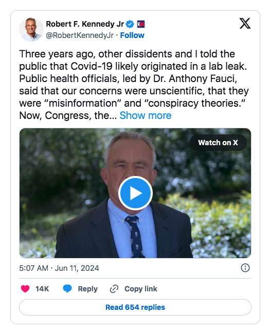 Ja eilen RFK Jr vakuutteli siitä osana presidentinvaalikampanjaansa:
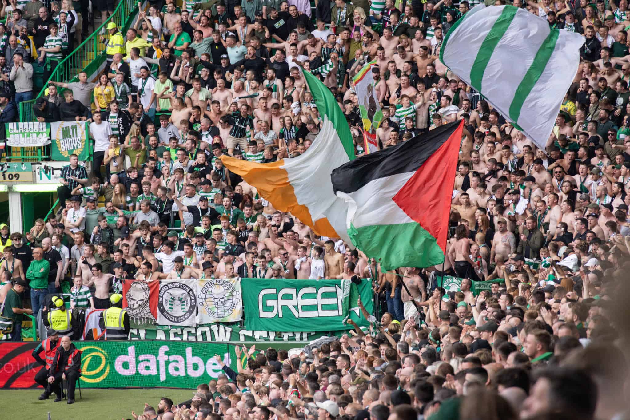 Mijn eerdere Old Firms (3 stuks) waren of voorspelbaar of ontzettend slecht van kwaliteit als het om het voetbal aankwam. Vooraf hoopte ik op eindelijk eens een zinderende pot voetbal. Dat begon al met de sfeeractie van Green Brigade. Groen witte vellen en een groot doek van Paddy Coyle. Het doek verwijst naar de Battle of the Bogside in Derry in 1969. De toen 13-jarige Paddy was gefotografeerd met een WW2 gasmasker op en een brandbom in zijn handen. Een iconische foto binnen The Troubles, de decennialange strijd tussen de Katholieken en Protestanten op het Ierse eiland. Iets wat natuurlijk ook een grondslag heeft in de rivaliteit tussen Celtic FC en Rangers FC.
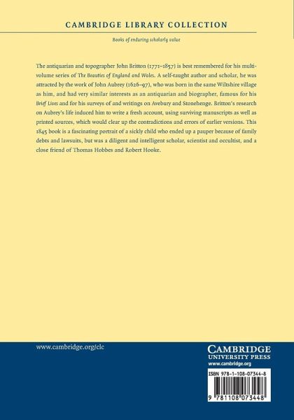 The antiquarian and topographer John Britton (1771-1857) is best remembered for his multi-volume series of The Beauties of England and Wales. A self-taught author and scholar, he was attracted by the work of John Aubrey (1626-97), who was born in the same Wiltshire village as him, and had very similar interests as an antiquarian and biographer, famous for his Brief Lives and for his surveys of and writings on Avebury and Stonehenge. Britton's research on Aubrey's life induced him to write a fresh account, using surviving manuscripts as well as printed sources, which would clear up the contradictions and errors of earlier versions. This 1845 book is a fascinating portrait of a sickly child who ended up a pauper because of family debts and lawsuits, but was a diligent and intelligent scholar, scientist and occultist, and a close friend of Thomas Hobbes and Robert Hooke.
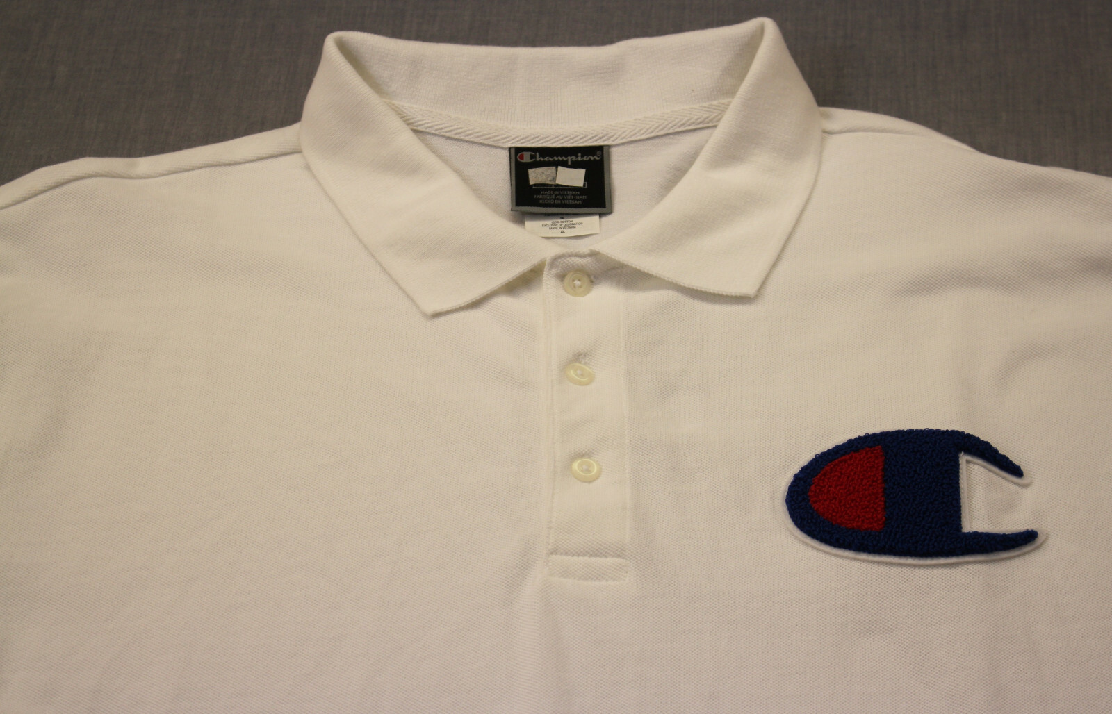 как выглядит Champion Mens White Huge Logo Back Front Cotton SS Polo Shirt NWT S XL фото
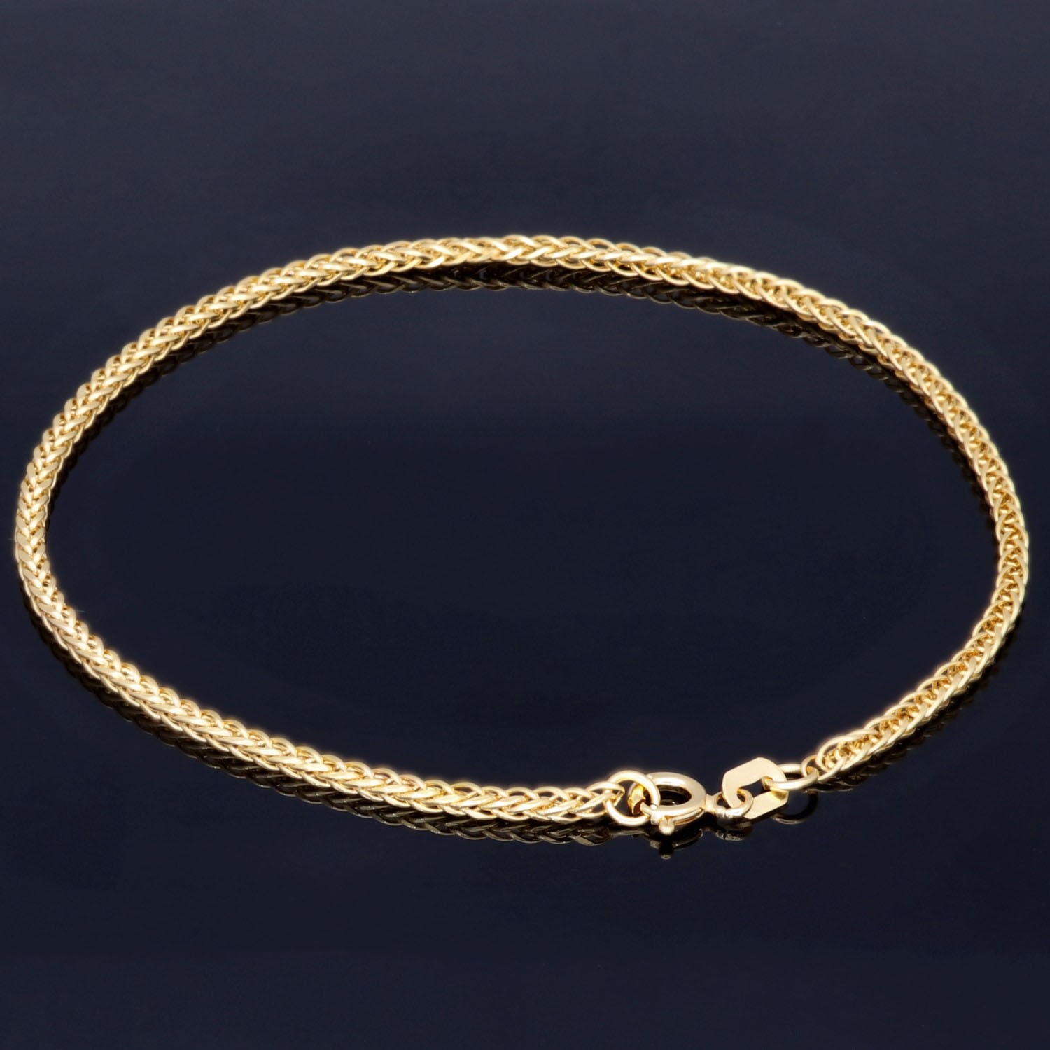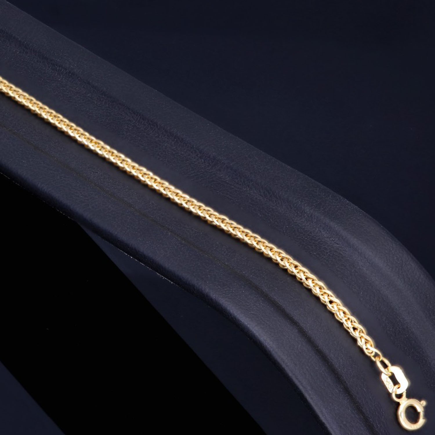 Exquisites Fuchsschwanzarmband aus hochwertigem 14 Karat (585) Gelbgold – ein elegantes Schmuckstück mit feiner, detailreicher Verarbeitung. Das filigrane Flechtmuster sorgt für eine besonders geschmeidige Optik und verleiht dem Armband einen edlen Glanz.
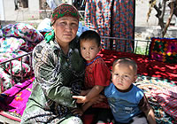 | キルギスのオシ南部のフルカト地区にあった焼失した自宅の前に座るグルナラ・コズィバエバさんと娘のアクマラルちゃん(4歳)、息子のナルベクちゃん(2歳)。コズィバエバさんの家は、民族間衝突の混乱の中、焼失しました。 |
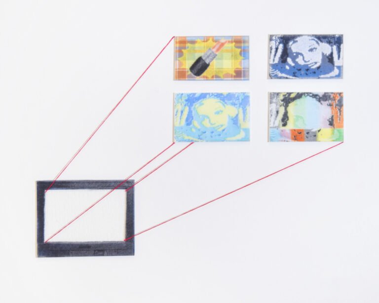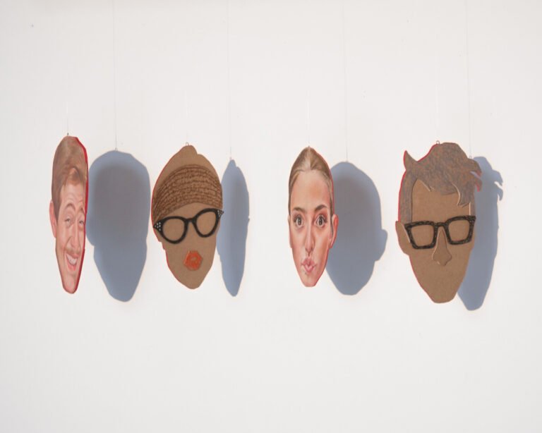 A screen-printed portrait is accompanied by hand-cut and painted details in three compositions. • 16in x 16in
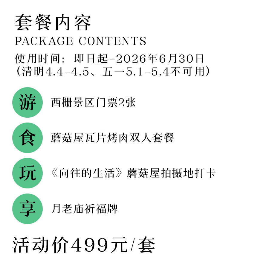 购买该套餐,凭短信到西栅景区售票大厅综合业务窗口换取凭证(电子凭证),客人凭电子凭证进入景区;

┄┄┄┄┄┄

Reproduce verbatim the opening line of the material and every line after it, up to and including the line with "Mijn eerdere Old", but no pictures.

• _Answer to this task_:
 Ja eilen RFK Jr vakuutteli siitä osana presidentinvaalikampanjaansa:
 Mijn eerdere Old Firms (3 stuks) waren of voorspelbaar of ontzettend slecht van kwaliteit als het om het voetbal aankwam. Vooraf hoopte ik op eindelijk eens een zinderende pot voetbal. Dat begon al met de sfeeractie van Green Brigade. Groen witte vellen en een groot doek van Paddy Coyle. Het doek verwijst naar de Battle of the Bogside in Derry in 1969. De toen 13-jarige Paddy was gefotografeerd met een WW2 gasmasker op en een brandbom in zijn handen. Een iconische foto binnen The Troubles, de decennialange strijd tussen de Katholieken en Protestanten op het Ierse eiland. Iets wat natuurlijk ook een grondslag heeft in de rivaliteit tussen Celtic FC en Rangers FC.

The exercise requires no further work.